# $\mu(|f|\geq \alpha) = \frac{1}{\alpha} ||f||_1$

I'm having difficulty with this problem here:

Let $$f\in L^1(X,\mathcal{M},\mu)$$ with $$||f||_1 \neq 0$$.

Prove that there exists a unique $$\alpha$$ so that $$\mu(\lbrace|f|\geq \alpha\rbrace) = \frac{1}{\alpha} ||f||_1$$.
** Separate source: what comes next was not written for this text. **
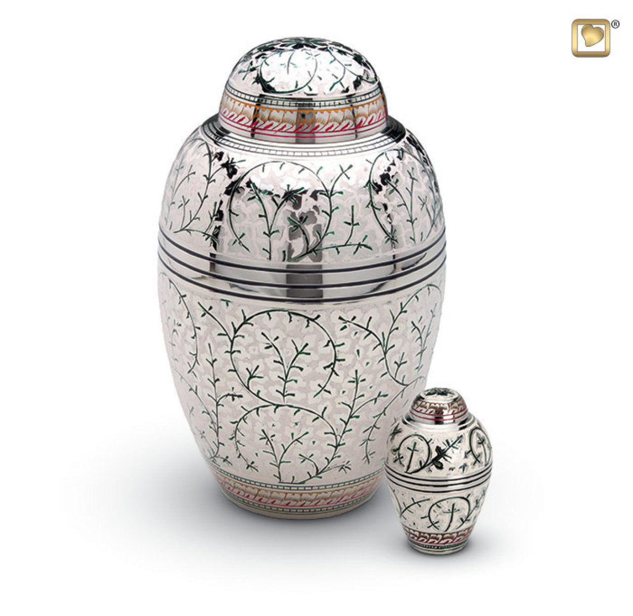 De sierurn messing is een kwaliteitsproduct en wordt van hoogwaardig metaal vervaardigd. Om de duurzaamheid van de messing kwaliteitsproducten te garanderen wordt ieder product voorzien van een speciale finish. Dit is een unieke laklaag die de urn beschermt en tegelijkertijd voorziet van een glanzende afwerking. De inhoud van de urn is 3,40 liter en is 26 cm hoog. Deze urn is ook verkrijgbaar in keepsake uitvoering, waarvan de urn een inhoud heeft van 0,05 liter en is 8 cm hoog. Prijs EUR 314,00/EUR 80,00 (inclusief vullen)

My first thought was to use the Hardy LittleWood Maximal Theorem which says that there exists $$C$$ so that

$$\mu(\lbrace Hf(x) >\alpha\rbrace) \leq \frac{C}{\alpha} ||f||_1$$

Unfortunately this theorem does not take me very far in this approach.

Any help is appreciated.

Edit: It seems the question was asking to show that there is at most one such $$\alpha$$

• you may want to check Chebyshev's inequality: en.wikipedia.org/wiki/… – daw Feb 14 '19 at 16:07
• @daw I don't think that will be useful because the proof of Markov's and Chebyshev's inequality follows from "truncation" argument. You may visualise it as chopping a rectangular piece of ginger from raw. The chopped piece will always be strictly smaller than the raw ginger, unless there's nothing to chop (i.e. $f$ is an indicator function). – GNUSupporter 8964民主女神 地下教會 Feb 14 '19 at 16:15
• Just to let you know the generally accepted policy here: If you ask a question that you didn't mean to ask, but end up with correct answers to the question you did ask, it is considered polite to ask your actual question in a new question instead of editing your first question. See here for more discussion on the policy. – K.Power Feb 14 '19 at 16:20
• To respond to the edit, one has to show that the given eqaulity holds iff $f$ is (up to a multiplicative constant) an indicator function of a measurable set (i.e. $1_A(x) = 1$ if $x \in A$, $0$ if $x \notin A$, $A \in \cal{M}$). The if-part is trivial. The only-if-part can be shown by assuming that $f$ is not a scalar multiple of an indicator function. Therefore, for all $k \in \Bbb{R}$, $A \in \cal{M}$, $f \ne 1_A$. Note that $\{|f|\ge a\} \in \cal{M}$, so once we've shown that a strict inequality, we're almost done, and the rest is trivial. – GNUSupporter 8964民主女神 地下教會 Feb 14 '19 at 16:49

The conclusion doesn't hold for $$f(x) = (1-|x|)_+ = \max(1-|x|,0)$$ and if $$\mu$$ is the Lebesgue measure. The shape of piecewise linear fucntion $$f$$ is a centred peak, so $$||f||_1 = 1$$. so that $$\mu(|f| \ge a) = 2(1-a) \ne \dfrac1a = \dfrac{||f||_1}{a}$$. By AM-GM inequality, $$2 \, a(1-a) \le 2 \left(\frac{a+(1-a)}{2}\right)^2 \le 2 \cdot \frac14 = \frac12 < 1,$$ so the last inequality holds.

Let $$X:=[0,1]$$ and $$\mu$$ the Lebesgue measure. Let $$f:X\to\mathbb{R}$$ be as $$f(x):=2$$ for $$x\in[0,1/2]$$ and $$f(x):=1$$ for $$x\in(1/2,1]$$. Furthermore let $$\alpha:=2$$

Then $$2\mu([0,1/2]) =1 < 1 +1/4 = \int_0^1 f(x) d\mu(x)$$ which is a counterexample of your equality.

However the proposition is true when you substitute $$'='$$ by $$'\le'$$:

$$\mu(\lbrace|f|\geq \alpha\rbrace) \le \frac{1}{\alpha} ||f||_1$$.

• The question asks to show the existence and uniqueness some $\alpha$, not to show equality for all $\alpha$. – guy Feb 14 '19 at 15:44
• Yes you are right. – Maksim Feb 14 '19 at 15:54

As others have said this is not necessarily true, but it is true that we are always guaranteed a $$\alpha>0$$ s.t $$\mu\{|f|\geq\alpha\}\leq \frac{\|f\|_1}{\alpha}.$$ Regardless of the measure space we know that $$\mu\{|f|\geq \|f\|_1\}\leq 1$$, so if we choose $$\alpha=\|f\|_1$$ the inequality will hold.